┏━━

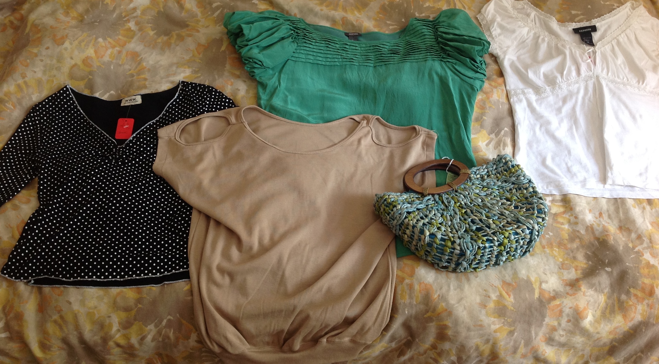 Black pin-dot fitted top: $1, Vintage beige top with shoulder reveal – Crescendo by Michelle E. Golding: $4, Tote Bag – Ahava: $4, Sea green silk blouse with ruffled shoulders – Kenneth Cole: $4, matching dark green stone necklace (not shown): $2, White babydoll top – Express: $3 – Total Haul: $18, Estimated Value: $175
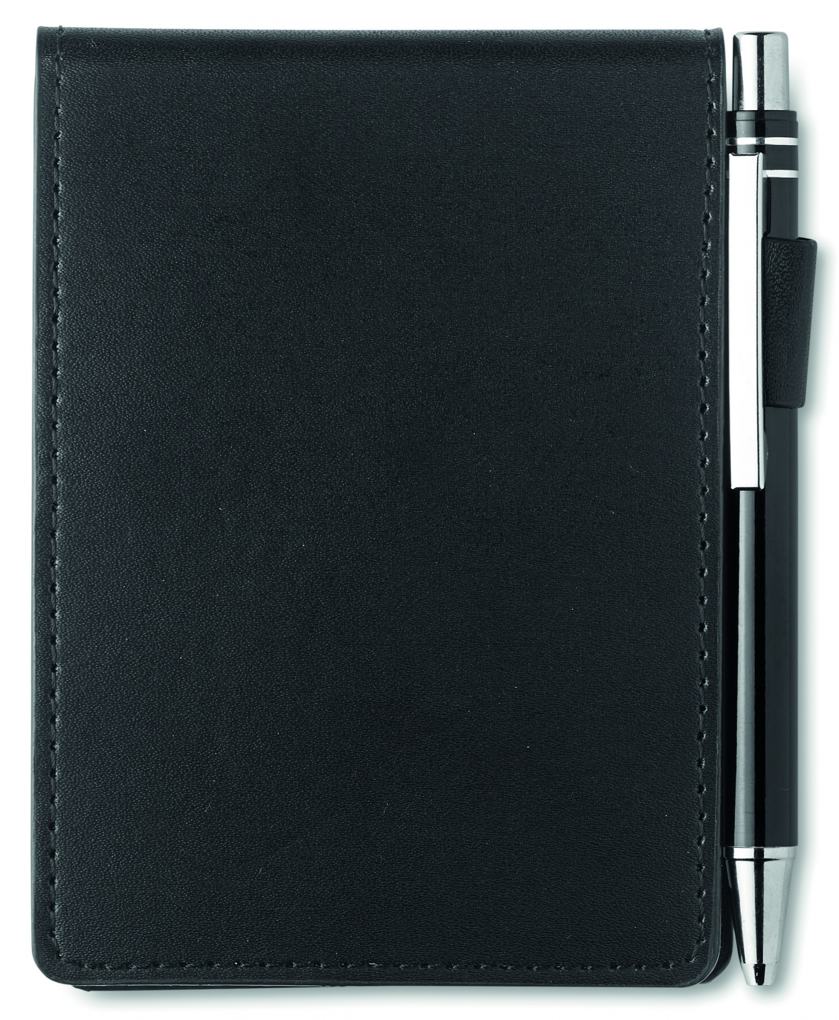 Блокнот формата А7 с 60 отрывными листами в футляре из кожзаменителя с ручкой.
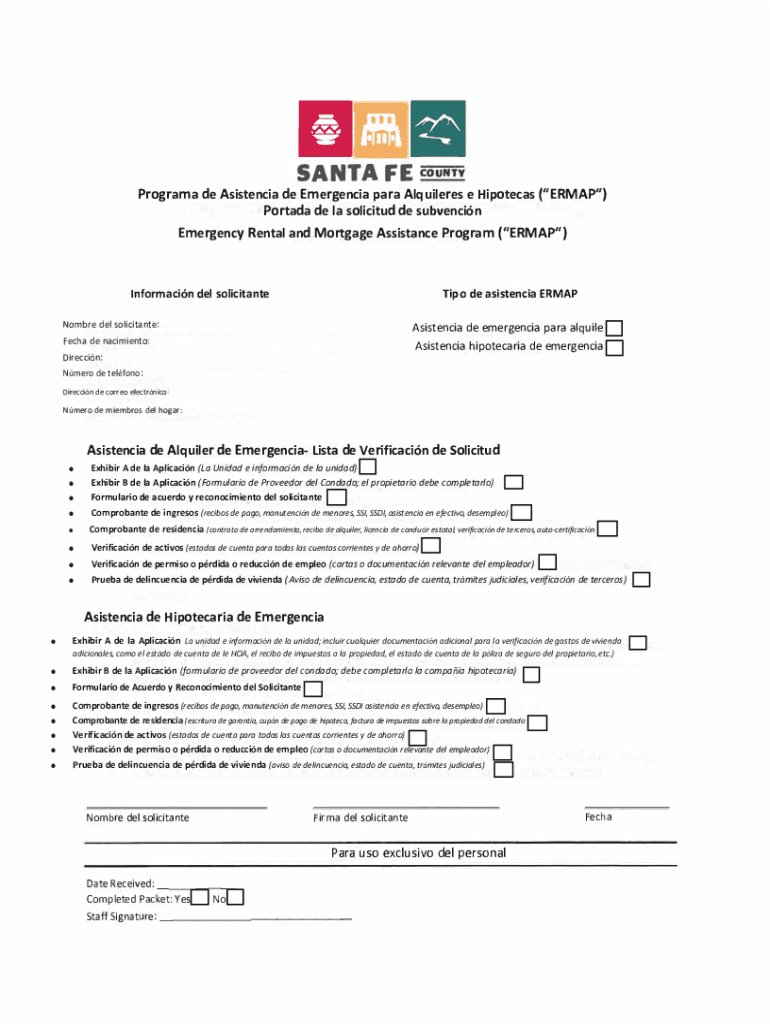 Santa FECOUNTYPrograma de Asistencia de Emergencia para Acquires e Hipsters (\” ERMA\”)
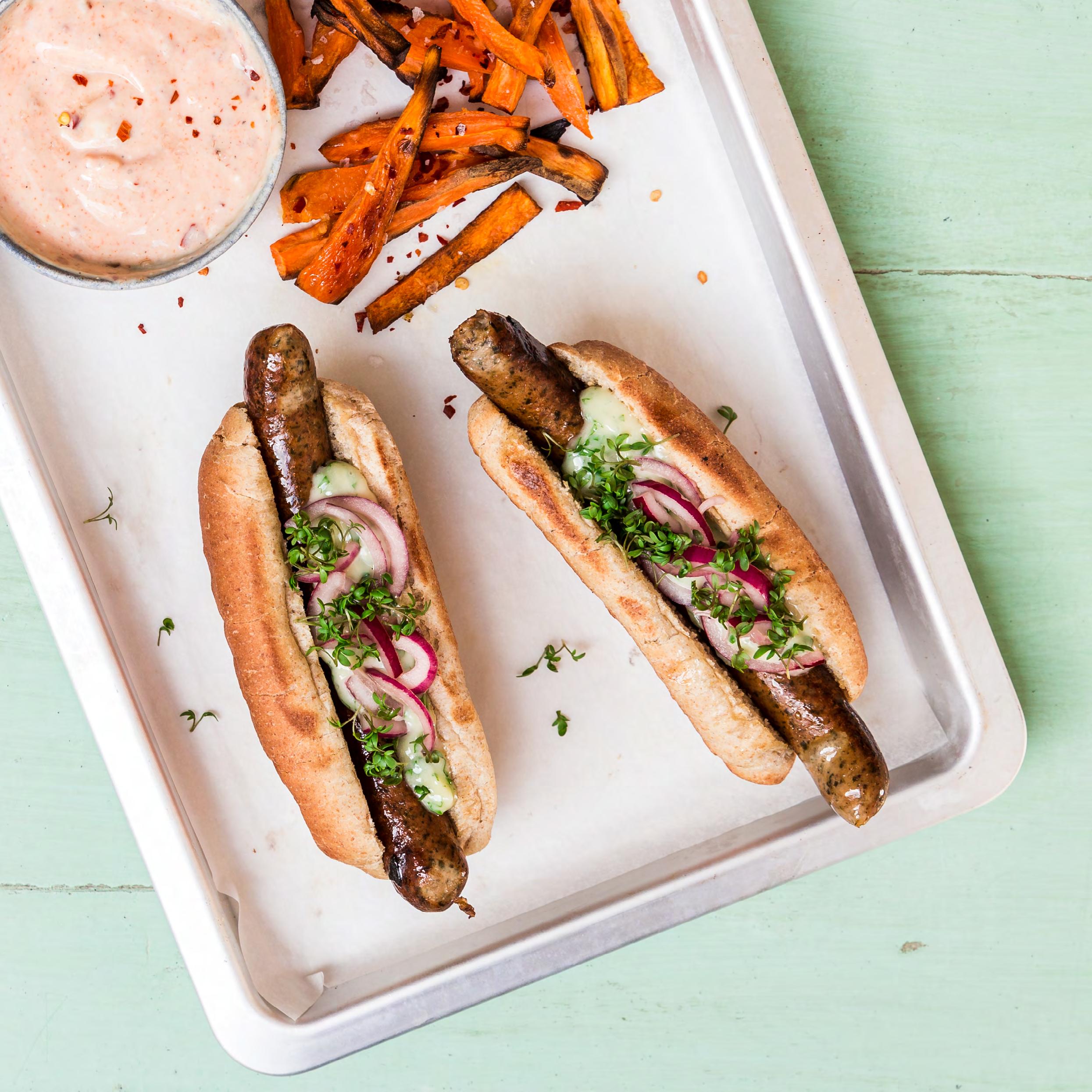 Hotdogs med syltede løg, ramsløgsmayo & søde fritter
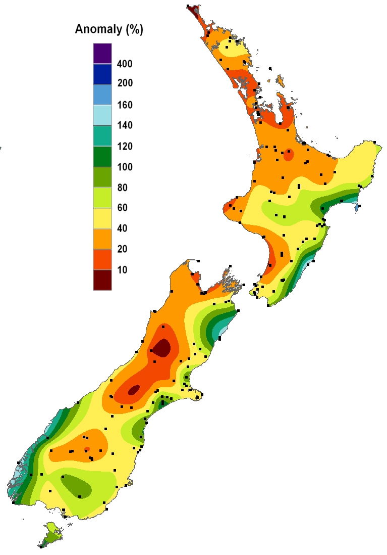Percentage of normal rainfall for December 2017.
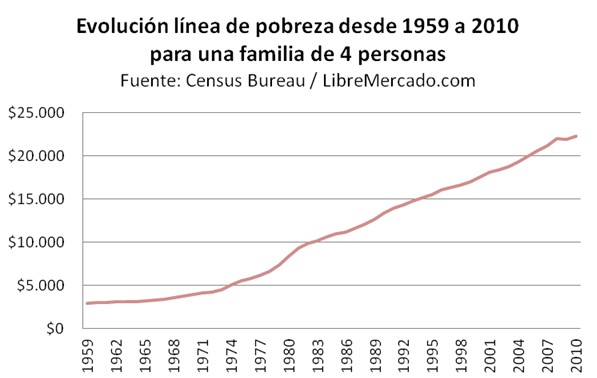 La Oficina del Censo norteamericano tiene 48 líneas de pobreza distintas que se aplican dependiendo del tamaño de la familia o el número de hijos menores de 18 años. En el siguiente gráfico mostramos la evolución de una de estas líneas de pobreza para una familia de 4 personas. Así, toda familia que reciba ingresos por debajo de esa línea será considerada "pobre". Pero, como es obvio, una familia pobre (en términos oficiales) en 2010 puede vivir realmente mucho mejor de lo que vivía una familia igualmente pobre en 1960 -estos ingresos están ajustados a términos reales, descontando la inflación-.

┗━━

§ ASSIGNMENT
All of the listing above must be output exactly, except for its pictures.

§ SOLUTION TO THIS EXERCISE
 Black pin-dot fitted top: $1, Vintage beige top with shoulder reveal – Crescendo by Michelle E. Golding: $4, Tote Bag – Ahava: $4, Sea green silk blouse with ruffled shoulders – Kenneth Cole: $4, matching dark green stone necklace (not shown): $2, White babydoll top – Express: $3 – Total Haul: $18, Estimated Value: $175
 Блокнот формата А7 с 60 отрывными листами в футляре из кожзаменителя с ручкой.
 Santa FECOUNTYPrograma de Asistencia de Emergencia para Acquires e Hipsters (\” ERMA\”)
 Hotdogs med syltede løg, ramsløgsmayo & søde fritter
Percentage of normal rainfall for December 2017.
 La Oficina del Censo norteamericano tiene 48 líneas de pobreza distintas que se aplican dependiendo del tamaño de la familia o el número de hijos menores de 18 años. En el siguiente gráfico mostramos la evolución de una de estas líneas de pobreza para una familia de 4 personas. Así, toda familia que reciba ingresos por debajo de esa línea será considerada "pobre". Pero, como es obvio, una familia pobre (en términos oficiales) en 2010 puede vivir realmente mucho mejor de lo que vivía una familia igualmente pobre en 1960 -estos ingresos están ajustados a términos reales, descontando la inflación-.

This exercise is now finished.